First-order optimality

4.3. First-order optimality#

The notion of derivative codifies the local behavior of a differentiable function. This information can be thus used to characterize its minima, yielding what is called the first-order optimality condition. While there are a few important instances when this mathematical tool can be used to directly determine the solutions to an optimization problem, the first-order optimality condition motivates the construction of optimization algorithms like the gradient descent method.

4.3.1. Necessary optimality condition#

The next figure shows a quadratic function in one and two dimensions. In each panel, the global minimum is marked with a green point, and the tangent at such point is plotted with green line or plane. You can see that the tangents are perfectly flat, indicating that the first derivatives at those points are zero. Such behavior is universal: the gradient is always zero at the minima of a function. This is because the minima of a function are naturally located at “valley floors”, where the tangent to the function is perfectly flat, and thus has zero slopes there. Since the gradient at a point gives precisely this slope information, it provide a convenient way of characterizing the minima of a function, summarized as follows.

First-order optimality (necessary)

\[ \textrm{${\bf w}^\star$ is a global minimum} \quad\Rightarrow\quad \nabla J({\bf w}^\star) = {\bf 0}.\]

../../_images/eb7619ad269f7d80cec56cd1c3625116da99b2ce1f258f7b1a246c1ce07acd22.png

4.3.2. Stationary points#

The first-order necessary optimality condition provides a very useful characterization of minima. But there is a catch: the optimality is expressed as an implication, rather than an equivalence! This means that not all the points with zero gradient are minima. In general, there exists a variety of points in which the gradient is zero, such as:

local and global minima,
local and global maxima,
saddle points.

All together, they are referred to as stationary points.

Stationary point

\[ \textrm{${\bf\bar{w}}$ is a stationary point} \quad\iff\quad \nabla J({\bf\bar{w}}) = {\bf 0} \]
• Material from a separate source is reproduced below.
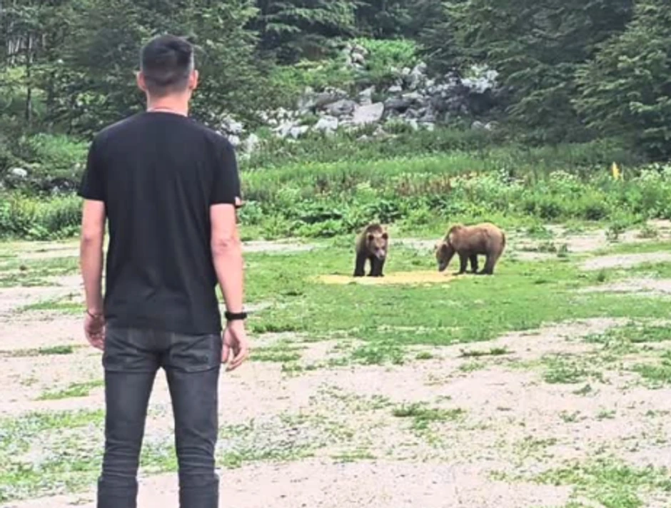 - Zar ovo nije nešto prelepo, na Šar Planini sam pored dva medveda koji se hrane i gledamo ih i uživamo - rekao je Milan Vasić na snimku.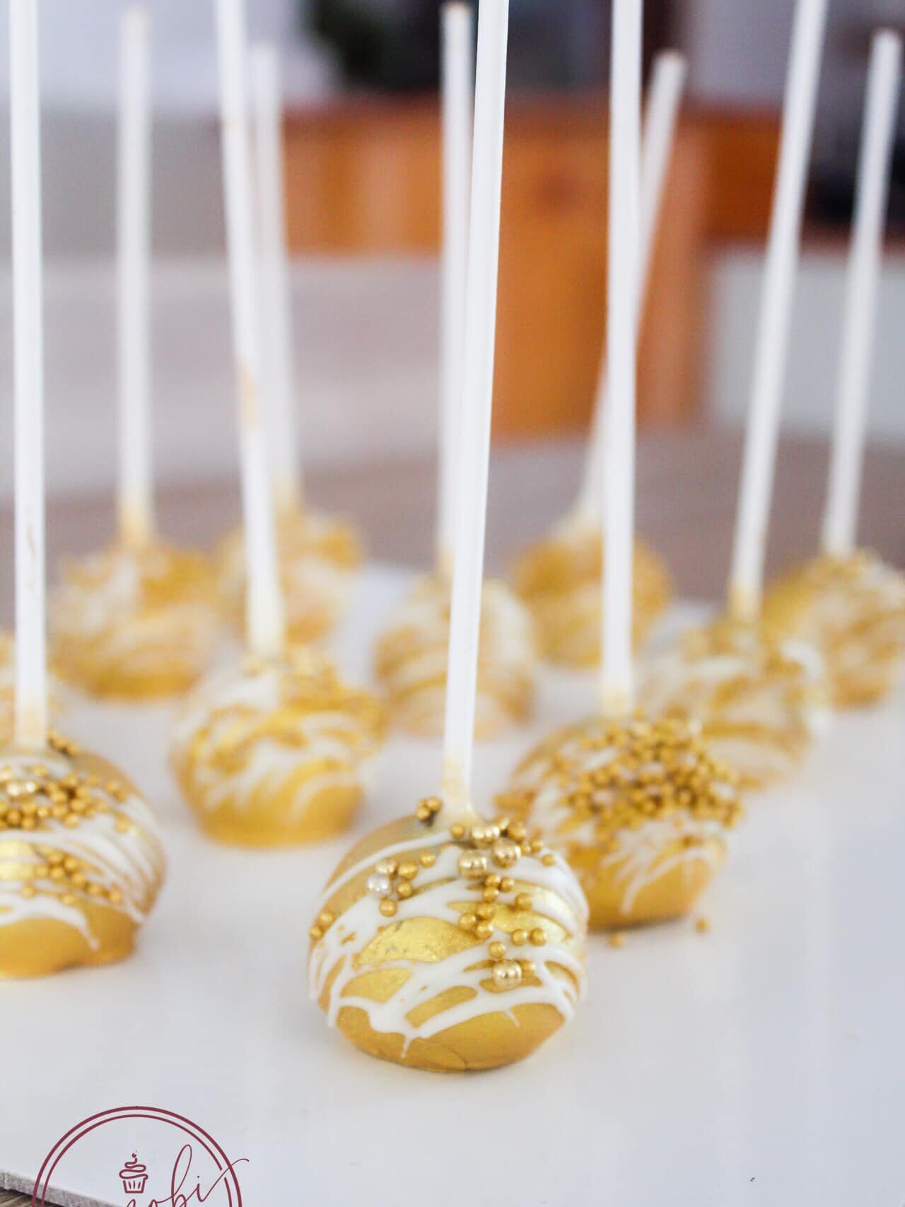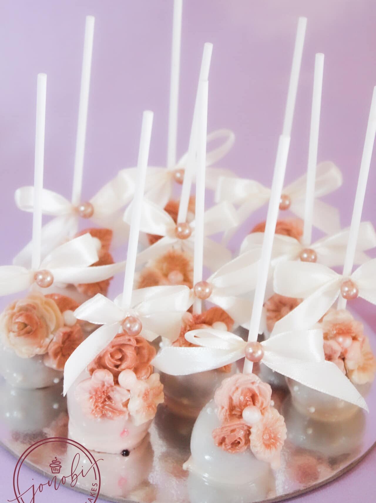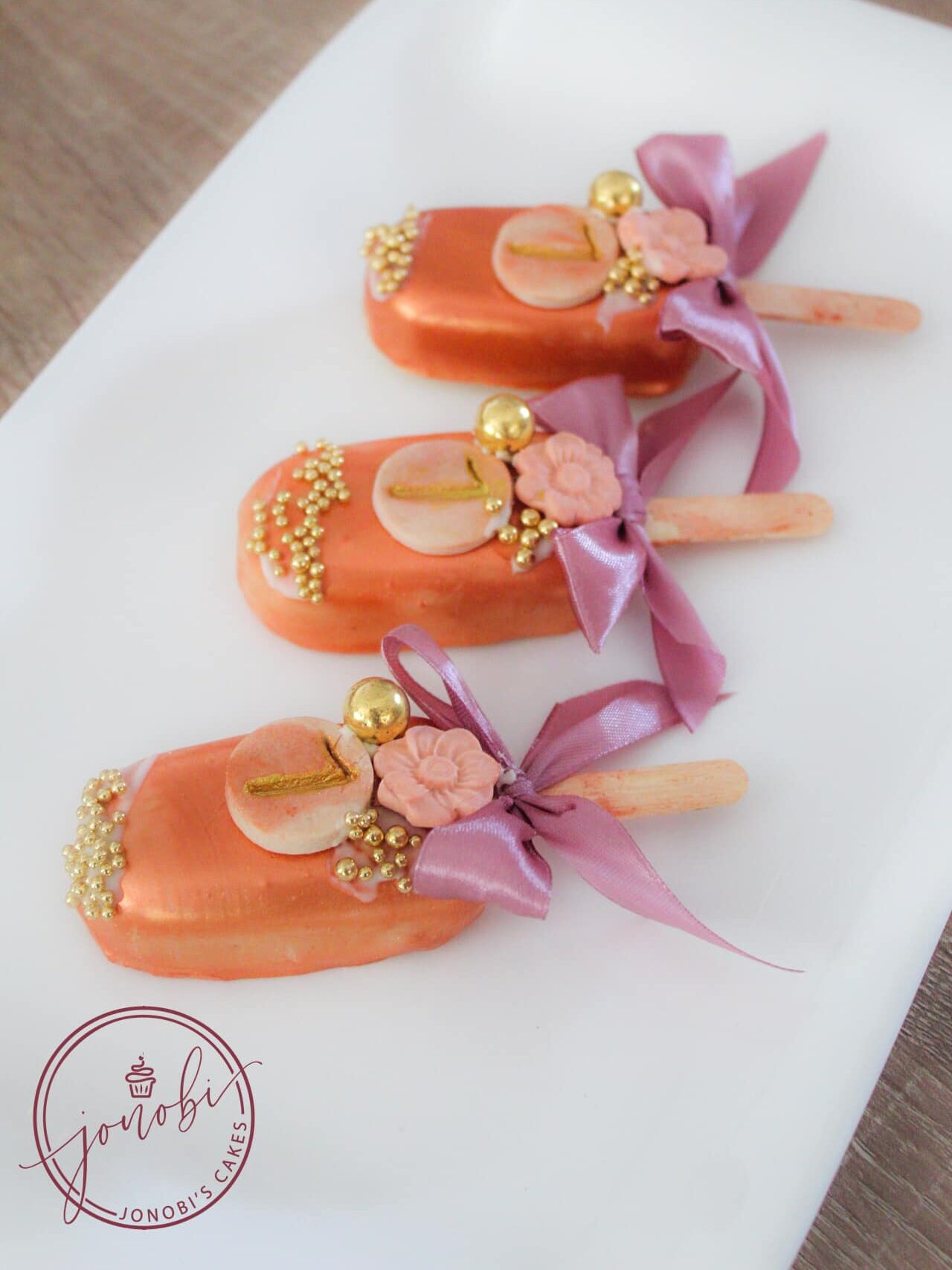 Refined cake popsicles finished with smooth chocolate and delicate details.

The following figure draws the first derivative of a function by moving the slider to the right. It is interesting to take notice of all the points where the first derivative passes through the zero: these are the function’s stationary points, among which there is the global minimum at $w^\star=1$. Note also that the function is continuously differentiable.

Here is another example, where the gradient vanishes at the saddle point $\bar{w}=0$.

4.3.3. Sufficient optimality condition#

Optimization problems are not born equal! It is very important to determine whether the cost function is convex or nonconvex. As explained in a previous chapter, convex functions are “curved up” without any bends the other way. Why do we care about convexity? Because a differentiable function is convex if and only if its graph lies above all of its tangents at every point of the domain. This property is illustrated in the figure below.

../../_images/7cc21ae7f8fdced9367f33badeedef76eef00965d1948351048fd3b0ed5c4626.png

The tangency behavior depicted in the previous figure can be mathematically expressed as

\[ \textrm{$J({\bf w})$ is convex} \qquad\iff\qquad \big(\forall{\bf w},{\bf \bar{w}}\big) \quad J({\bf w}) \ge J({\bf \bar{w}}) + \nabla J({\bf \bar{w}})^\top({\bf w}-{\bf \bar{w}}). \]

Note that this inequality turns into the definition of global minimum when $\nabla J({\bf \bar{w}})=0$. Therefore, all the stationary points of a convex function are global minima.

First-order optimality (sufficient)

\[ \textrm{$J$ is convex and $\nabla J({\bf w^\star}) = {\bf 0}$} \qquad\Rightarrow\qquad \textrm{${\bf w^\star}$ is a global minimum}. \]

The following figure plots the first derivative of a convex function by moving the slider to the right. Remark that the first derivative only vanishes at the global minimum. More generally, the first derivative of a convex function is non-decreasing. This means that a convex function may have an infinite number of minima, but they necessarily form a convex set.